Не дождавшись ответа, выхватываю у Мирона напильник и продолжаю спиливать проклятый кастет.
— Ты в общем с ней в кабинку ушёл. Я решил тебя спасти. В общем она уселась на унитаз, чтобы у тебя отсосать, а ты ссать хотел.
— Что?!!! — я в ужасе смотрю на него.
Он не может успокоиться, стягивает со стола пирожок.
— Кирюха, ты, пиздец, подонок!!! Она этого никогда не забудет.
— Надо извиниться, — на полном серьёзе решаю я и наконец-то освобождаю свой палец.
— Нашёл перед кем извиняться. Нормальная девка никогда так бы не стала делать.
— Если только она тебя своим пацаном не считает.
Похмеляться даже не думаю, смотреть не могу на спиртное. Чай себе наливаю.
— Машка с парнем пришла в клуб, тебя увидела и решила вспомнить былые успехи.
— Как ты думаешь, Геля в своём лагере трахается с пацанами?
— Не знаю, напиши ей, — жуёт Мирон.
— Она меня заблокировала. Напиши ты.
Он моментом достаёт свой телефон и пишет сообщение.

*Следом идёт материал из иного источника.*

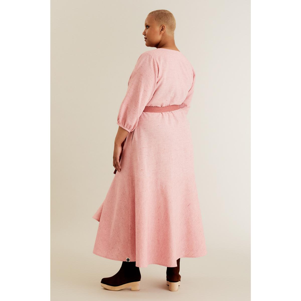 The Hali sewing pattern includes two comfy and stylish wardrobe staples: A wrap dress and jumpsuit. Both variations feature a semi-fitted wrap bodice with a back yoke and a V-neck, wrap tie closure, and handy side pockets. The dress comes with a voluminous, ankle-length circle skirt and ¾-sleeves with gathered sleeve openings. The midi-length jumpsuit has an interesting construction that is a hybrid of a dress and a jumpsuit. The jumpsuit variation includes simple T-shirt sleeves.

— Ну вот, она и меня заблокировала, — показывает мне экран. Там светится сообщение Рона: «Кирюха интересуется, ты трахаешься в лагере или нет?» И сообщение, что пользователь АНГЕЛина его добавила в чёрный список.
— Бля, купи себе мозг, — смеюсь я. Нормально он отказался быть посредником.

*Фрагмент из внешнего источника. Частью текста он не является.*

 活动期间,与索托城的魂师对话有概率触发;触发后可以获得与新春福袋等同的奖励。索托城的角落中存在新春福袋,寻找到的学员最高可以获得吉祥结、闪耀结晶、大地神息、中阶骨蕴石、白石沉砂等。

— Ничё, меня Любава тоже заблокировала, хотя мы так долго дружили.
— В общем о пьянке лучше никому из будущих жён не знать. Мало того, что целовались, опозорились на весь посёлок, ещё и голые в одной кровати спали.

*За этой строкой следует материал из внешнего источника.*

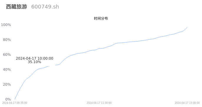 根据成交分布分析,该股票当天缩量成交,成交清淡。时间上看,早盘前半小时成交量占据当天总成交量的35.1%;价格上看,成交呈现中间峰。成交分布分析主要研究股票成交的分布特性,不具有预测功能,请知悉。

— Это всё ты, не виноватая я! — смеётся Рон.
Завтрак проходит в тишине. Мы с Роном зависаем в своих телефонах. Отходняк тянется на пару часов, пока я вроде не прихожу в себя.
— Мне батя квартиру купил, — решаюсь сказать. — Рон, деньги нужны?
— Мне всегда деньги нужны, — он доливает чайник, чтобы выпить ещё чая.
— Помоги мне с ремонтом, я заплачу. Не то, чтобы я тебя оскорбляю… — даже боюсь на него посмотреть. — Бабке сейчас денег оставишь, у меня можно будет пожить.
Он думает, ему не нравится идея, но я вроде всё правильно сказал.
— Ладно, — кивает он. — В общагу не хочу, там скукотища. И ты криворукий без меня пропадёшь.
Я его толкаю в плечо, и мы смеёмся.
Матери моем посуду, после себя оставляем идеальную чистоту. Мирон из салфеток накручивает три розочки. Это его Любава Часова научила, когда они общались. Она любила рисовать и увлекалась оригами.
Всё складывается как нельзя лучше! Отваливаю бабке Мирона деньги лично в руки. Рон недоволен, но молчит. Едем в город. Окна открываем, врубаем музло. Долетаем до квартиры быстро. Она в старом районе, прямо в центре города. Во дворе растут большие деревья В подъезде лестница солидная с мраморными балясинами.
Сама квартира в ужасном состоянии. Кухня с гостиной соединены, метраж приличный. Ванная и унитаз разбиты.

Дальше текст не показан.